BACKGROUND: Xenon (Xe) induces preconditioning (PC) of the rat heart in vivo via activation of p38 mitogen-activated protein kinase (MAPK). The role of ERK 1/2 and JNK 1/2 and 3 in Xe-PC has yet not been determined. METHODS: For infarct size measurements, anaesthetized rats were subjected to 25 min of coronary artery occlusion followed by 120 min of reperfusion. Animals received Xe 70% during three 5 min periods with and without the ERK inhibitor PD 98059 (1 mg kg(-1), PD) or the JNK inhibitor SP 600125 (6 mg kg(-1), SP) (n=10 per group). Additional hearts were excised for western blot and kinase activity assay: without further treatment, after the first, the second and the third period of Xe-PC or at the end of the last washout phase (n=4 each). RESULTS: Infarct size (% of area at risk) was reduced from 46.2 (8.1)% to 28.4 (11.3)% after Xe-PC (P<0.01). PD completely abolished this effect [49.7 (11.4)%, P<0.01 vs Xe-PC]. The ratio of particulate/cytosolic phospho ERK 1/2 was time dependently increased during the PC protocol [ERK 1: 15 min: 2.4 (1.2), 25 min: 1.5 (0.3), 35 min: 1.6 (0.7), 45 min: 1.5 (0.5) vs Con 1.0 (0.5) and ERK 2: 15 min: 3.3 (1.8), 25 min: 2.0 (1.5), 35 min: 1.8 (1.7), 45 min: 0.9 (0.6) vs Con 0.8 (0.4)]. This finding was confirmed by a non-radioactive MAPK activity assay. In contrast SP had no effect on Xe-PC and the phosphorylation state of JNK was not influenced by Xe-PC. CONCLUSION: Besides the p38 MAPK, ERK 1/2 also is a mediator of Xe-PC. However, JNK is not involved, demonstrating a highly specific regulation of different kinases during Xe-PC.

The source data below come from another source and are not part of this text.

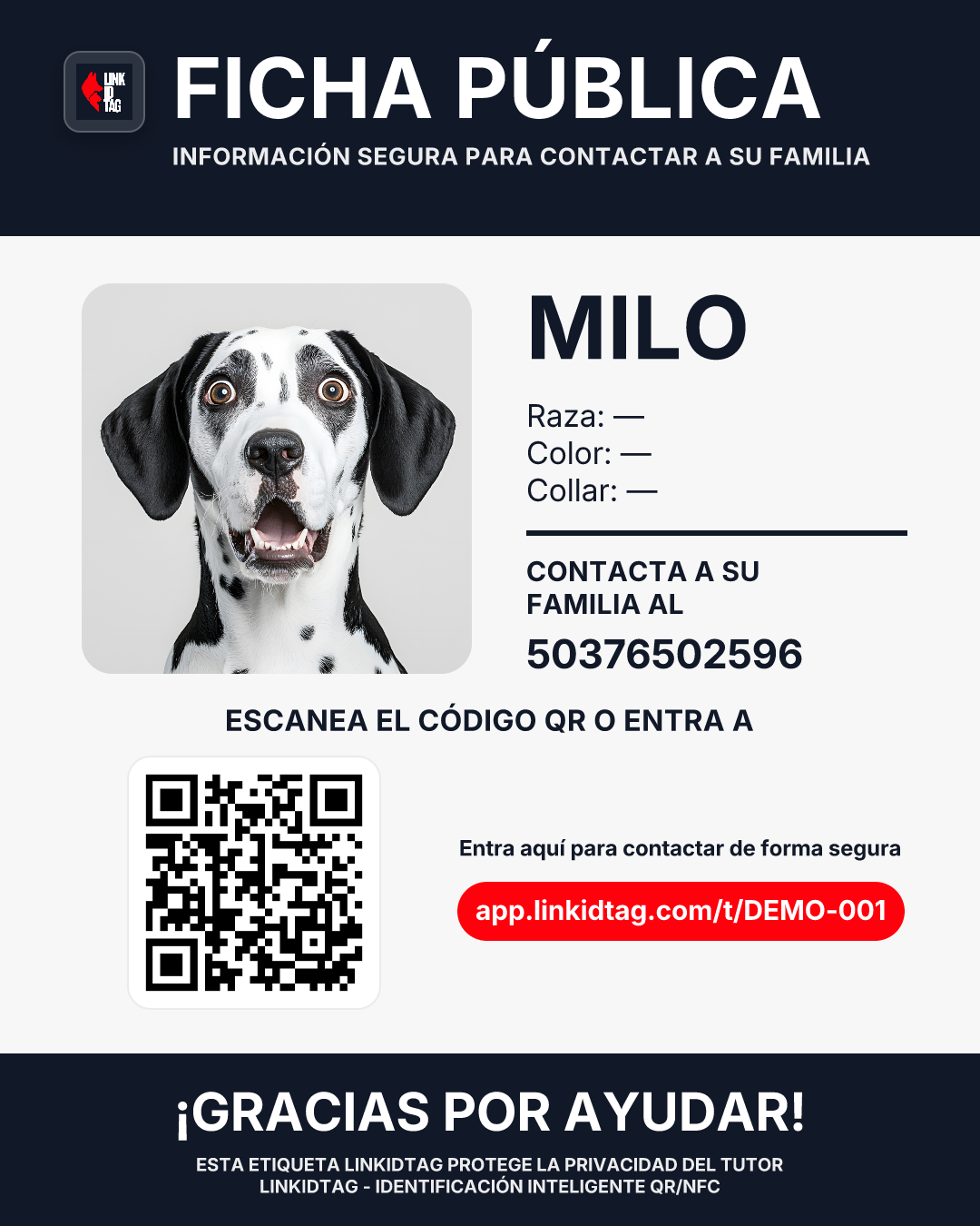 Esta ficha es un apoyo para la familia de Milo y para quienes lo ayudan si se pierde. La información no reemplaza la valoración de un médico veterinario.
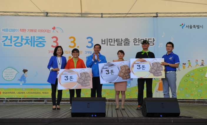 이번 기부는 서울시민 3천명이 3개월간 몸무게 3kg씩을 감량하는 '건강체중 3.3.3 프로젝트의 결과에 따라 진행됐다.
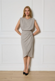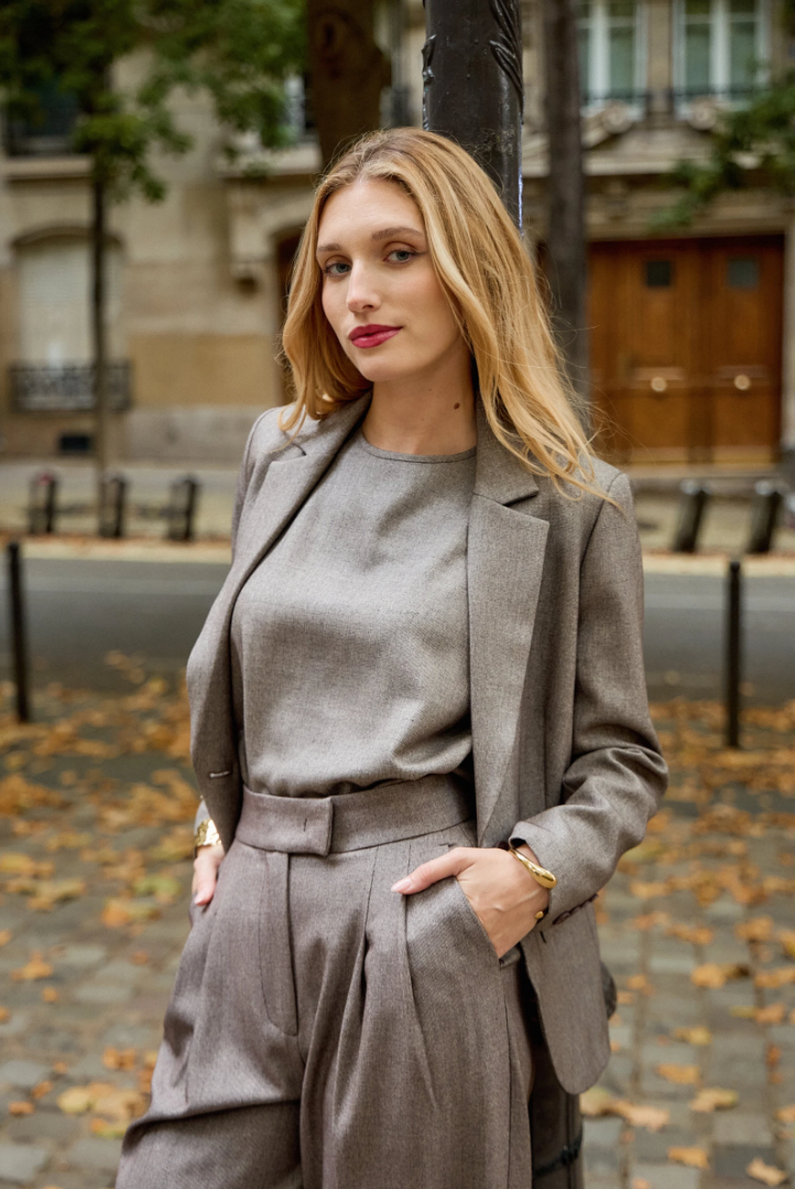 Kombiner med en wrap-nederdel og pumps for et raffineret aftenslook, eller med wide-leg bukser og loafers til moderne city-chic. Guld-smykker fremhæver Dorica Smanicato’s arkitektoniske skulder.

Role of protein kinase C-epsilon (PKCepsilon) in isoflurane-induced cardioprotection.

BACKGROUND: Volatile anaesthetics precondition the heart against infarction, an effect partly mediated by activation of the epsilon isoform of protein kinase C (PKCepsilon). We investigated whether cardioprotection by activation of PKCepsilon depends on the isoflurane concentration. METHODS: Anaesthetized rats underwent 25 min of coronary artery occlusion followed by 120 min of reperfusion and were randomly assigned to the following groups (n=10 in each group): isoflurane preconditioning induced by 15 min administration of 0.4 minimal alveolar concentration (MAC) (0.4MAC), 1 MAC (1MAC) or 1.75 MAC (1.75MAC) followed by 10 min washout before ischaemia. Each protocol was repeated in the presence of the PKC inhibitor staurosporine (10 microg kg(-1)): 0.4MAC+S, 1MAC+S and 1.75MAC+S. Controls were untreated (CON) and additional hearts received staurosporine without isoflurane (S). In a second set of experiments (n=6 in each group) hearts were excised before the infarct inducing ischaemia, and phosphorylation and translocation of PKCepsilon were determined by western blot analysis. RESULTS: Isoflurane reduced infarct size from a mean of 61(SEM 2)% of the area at risk in controls to 20(1)% (0.4MAC), 26(3)% (1MAC) and 30(1)% (1.75MAC) (all P<0.01 vs CON or S). This protection was partially reversed by administration of staurosporine in the 0.4MAC+S group (30[2]%; P<0.05 vs 0.4MAC) group, but not after administration of 1 MAC or 1.75 MAC isoflurane (26[2]% and 31[2]%, respectively). Thus 0.4MAC increased PKCepsilon phosphorylation, and this effect was blocked by staurosporine. Higher concentrations of isoflurane did not change PKCepsilon phosphorylation. PKCepsilon was translocated to the membrane fraction after administration of 0.4 MAC isoflurane, but not after 1.0 or 1.75 MAC. CONCLUSIONS: Although isoflurane preconditioning resulted in a reduction in infarct size at all concentrations used, the protection was mediated by phosphorylation and translocation of PKCepsilon only at 0.4 MAC.